In the records below, find the line that contains "Na Foz do Amazonas, a" and the line that contains "современных космических экспедициях.". Set down exactly those lines and every line between them, and nothing more.

*** Opening of Given information ***

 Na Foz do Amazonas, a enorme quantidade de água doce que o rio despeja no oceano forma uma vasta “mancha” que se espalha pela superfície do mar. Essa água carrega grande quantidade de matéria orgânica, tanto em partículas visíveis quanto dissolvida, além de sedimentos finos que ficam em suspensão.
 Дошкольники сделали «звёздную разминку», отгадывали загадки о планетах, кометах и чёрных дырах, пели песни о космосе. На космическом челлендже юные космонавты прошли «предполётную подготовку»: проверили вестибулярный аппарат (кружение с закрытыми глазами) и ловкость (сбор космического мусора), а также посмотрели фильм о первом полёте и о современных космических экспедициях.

*** Close of Given information ***
*** Opening of Given information ***

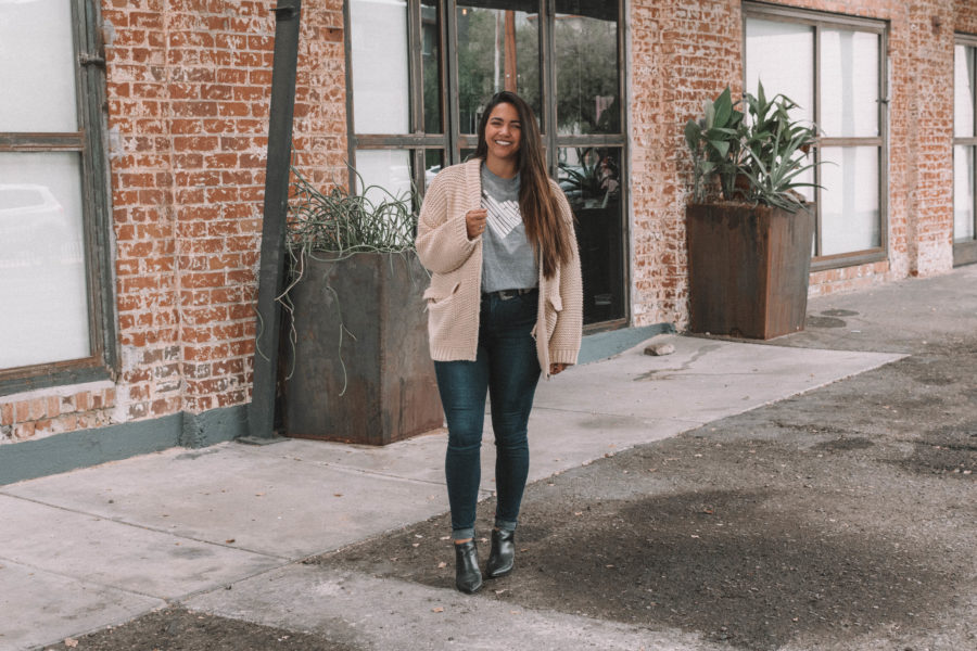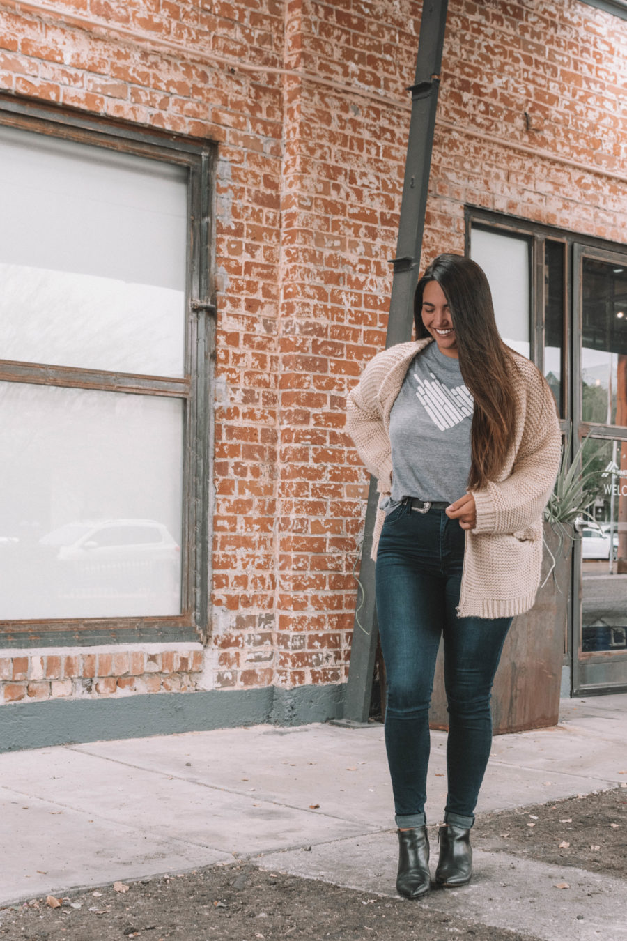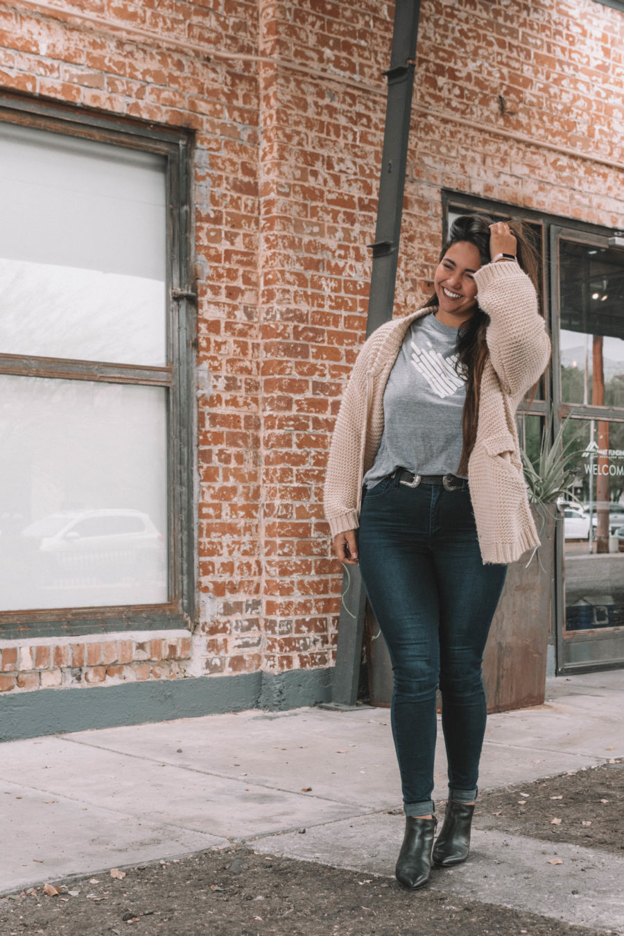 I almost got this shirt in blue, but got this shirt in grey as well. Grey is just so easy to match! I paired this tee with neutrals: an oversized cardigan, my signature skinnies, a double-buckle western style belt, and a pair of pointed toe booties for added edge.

*** Close of Given information ***

Written solution
 Na Foz do Amazonas, a enorme quantidade de água doce que o rio despeja no oceano forma uma vasta “mancha” que se espalha pela superfície do mar. Essa água carrega grande quantidade de matéria orgânica, tanto em partículas visíveis quanto dissolvida, além de sedimentos finos que ficam em suspensão.
 Дошкольники сделали «звёздную разминку», отгадывали загадки о планетах, кометах и чёрных дырах, пели песни о космосе. На космическом челлендже юные космонавты прошли «предполётную подготовку»: проверили вестибулярный аппарат (кружение с закрытыми глазами) и ловкость (сбор космического мусора), а также посмотрели фильм о первом полёте и о современных космических экспедициях.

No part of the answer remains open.